Then he came there to a cave and lodged there; and behold, the word of the LORD [came] to him, and He said to him, “What are you doing here, Elijah?”
1 Kings 19:9
One of the best known players in the first book of Kings is Elijah. He is one of the most famous prophets of Israel and his exploits are impressive, to say the least. But, when threatened by Jezebel, he runs and hides and asks God to kill him. Don’t get me wrong, there is wisdom in running from a person in power who is pissed off, but Elijah forgot that Jezebel’s beef was with God and that God would be the One handling any throw down. After some pretty miraculous stuff (the angel of the Lord shows up to feed Elijah — twice), Elijah finds his way to this cave.
God’s question to Elijah struck me as pertinent. What are you doing here? It’s not that I’m a great prophet of God or a great anything of God. So that’s not the point of comparison. The point of comparison is that I lose focus; I forget Whose fight the fight for righteousness really is; I get discouraged; I hide myself away. It’s challenging to do the last in a day and age when the world is so open and information so available, but it happens.
What are you doing here? The question rings into recent transgressions. The transgression comes to mind and on its heels comes the question. It’s not that God is confused — He knows better than I do what I was doing. It’s not that God is looking for an explanation of how I got to that place — again, He knows better than I do. What He’s looking for, I think, is confession. An admission that, ‘There, God, I transgressed.’

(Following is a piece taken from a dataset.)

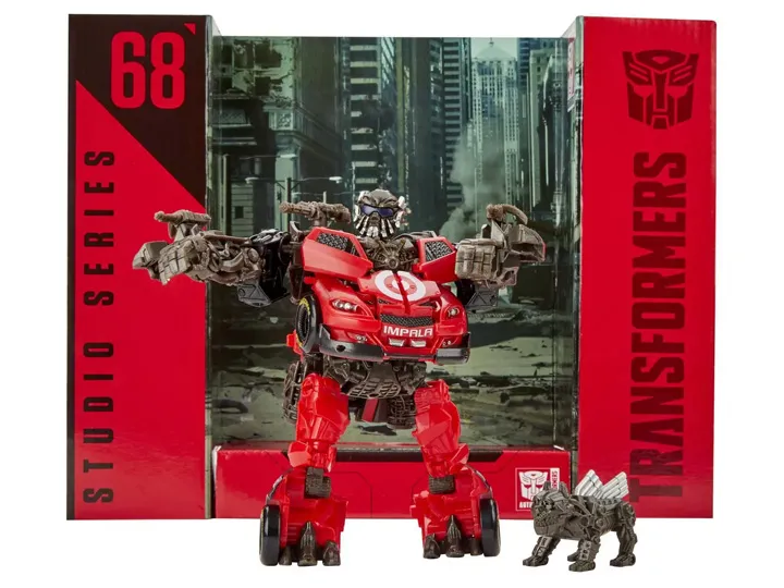 This Studio Series 58 Deluxe Class Roadbuster figure features vivid, movie-inspired deco and converts from robot to Chevy Impala mode in 23 steps. Remove backdrop to showcase Roadbuster in the Battle of Chicago scene. Includes a detailed weapon accessory.

The question lingers in the air this morning. What are you doing here? Am I here, writing this entry for some other reason than to draw closer to God? It’s a valid question. One I don’t stop and think about very often. I began writing SOAP journals as a method of morning devotional time with God, but those were on my computer. I grew distracted by social media, so enlisted social media to be a part of those SOAP journals, so there was a time when these entries were written on Facebook so as to enlist the thing that tried to distract and leech time. I transitioned to a blog because a friend requested that I do so. He had read the posts on Facebook and wanted to do something that Facebook, I guess, was unable to do. All of this traces back to my feeble attempts to carve out time in the morning for God and His Word. I am not a morning person, so need something to help me focus. I am a writer, so journaling; blogging help maintain focus and encourage — since online search tools are ready to hand — deeper study of ideas that seem to merit that.
Yes, God. I have transgressed in many ways — ways that You and I are both quite aware of. Yes, I lose focus. Yes, I forget that every spiritual battle is Yours. Yes, I do not often examine why I chose this medium, but I probably should. Yes, I get discouraged. Please forgive me and restore me and set these things to rights. And remind me to continually, on Your behalf, ask myself What are you doing here?